It's the Socionics subforum, so I have no idea why did you write about MBTI types. You can't use the cognitive functions approach since INFP and INFp differ in that aspect. INFj is the Fi+Ne type in Socionics, not INFp.

There are plenty of threads about compatibility between MBTI types, anyway.

Also, if you know about a Socionics theory where INFp uses Fi and Ne, not Fe and Ni, enlighten me please.


----------



## renna (Jan 28, 2011)

@aconite, why are you being so confrontational about this? Even you in your first post to the OP you asked "socionics or MBTI?" Whats Honestly man, I noticed this question from the homepage of PerC - I DID NOT go into 'Socionics' section to answer this. I saw the title of this thread and clicked it. 

Don't get confrontational with me for sharing my opinion with the OP (which was not intended for you btw). The original poster wanted opinions and feedback - ok yes tech you are correct, my answer had nothing to do with Socionics (frankly I don believe in the merits of it) but there is NOTHING wrong with bringing more ideas/options to the table.
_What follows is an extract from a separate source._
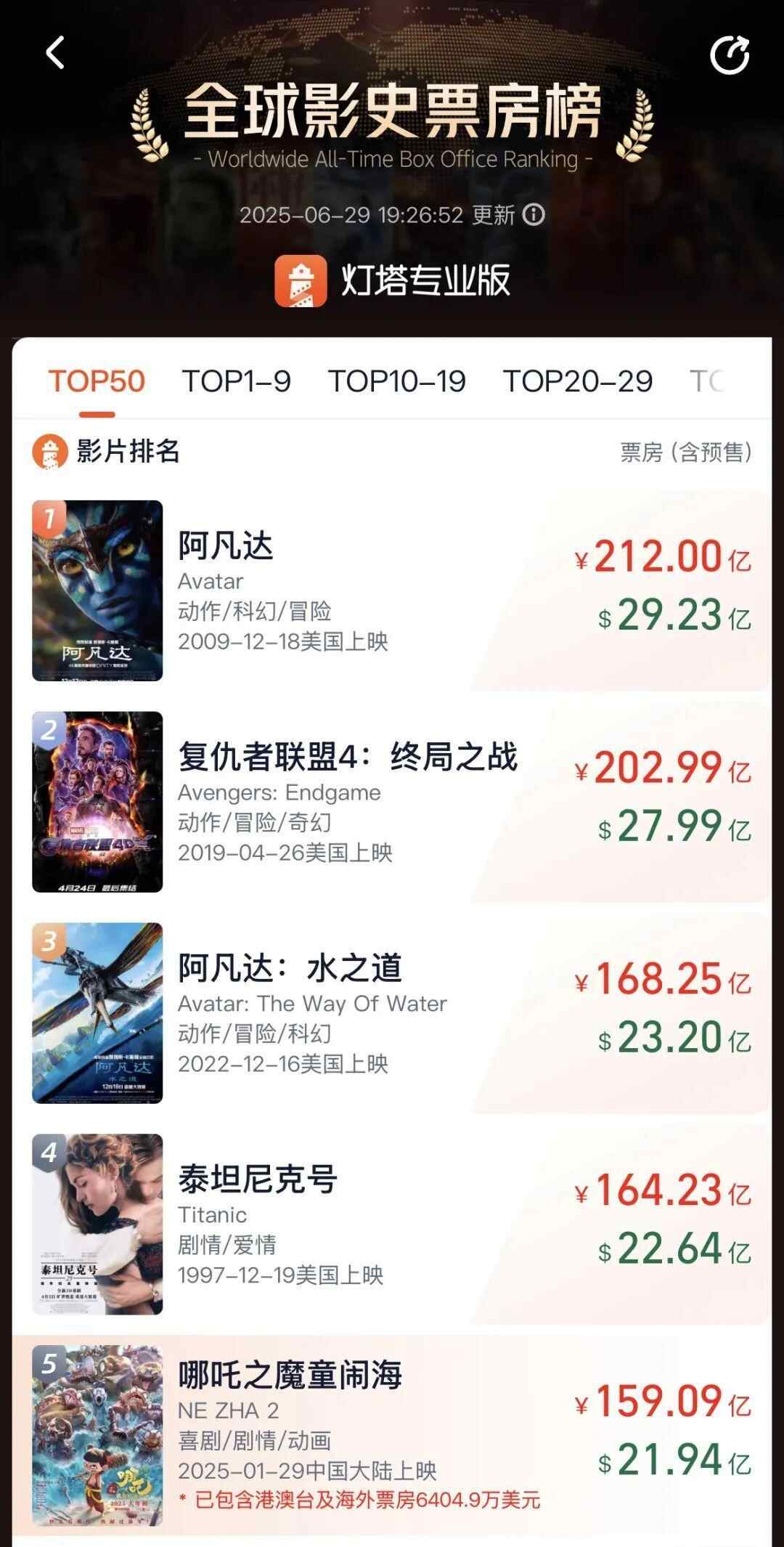 据灯塔专业版数据,截至发稿,《哪吒2》累计票房已突破159.09亿,排全球影史票房榜第5,创造了多项影史新纪录。

Wouldn't an Ne user like yourself not agree to that? Or do you not believe in cognitive functions either because you soley believe in Socionics? Please do us a favor and stop being confrontational, it would make your life and everyone else's easier. You can believe in anything you wan and that is your right, but no matte what your type is, you can share your thoughts and objections a smoother And in a less harsh way.


----------



## 2GiveMyHeart2 (Jan 2, 2012)

As an NF female personally...no NT dude for me, bro. Too insensitive


----------



## aconite (Mar 26, 2012)

renna said:


> @_aconite_, why are you being so confrontational about this? Even you in your first post to the OP you asked "socionics or MBTI?"


How is asking for clarification confrontational?



renna said:


> Whats Honestly man, I noticed this question from the homepage of PerC - I DID NOT go into 'Socionics' section to answer this. I saw the title of this thread and clicked it.


Why didn't you admit it as soon as I asked, then?



renna said:


> Don't get confrontational with me for sharing my opinion with the OP (which was not intended for you btw).


This is a public forum, in case you didn't notice. You could have sent a PM to the OP, had you really wanted to keep things private, after all.



renna said:


> The original poster wanted opinions and feedback - ok yes tech you are correct, my answer had nothing to do with Socionics (frankly I don believe in the merits of it) but there is NOTHING wrong with bringing more ideas/options to the table.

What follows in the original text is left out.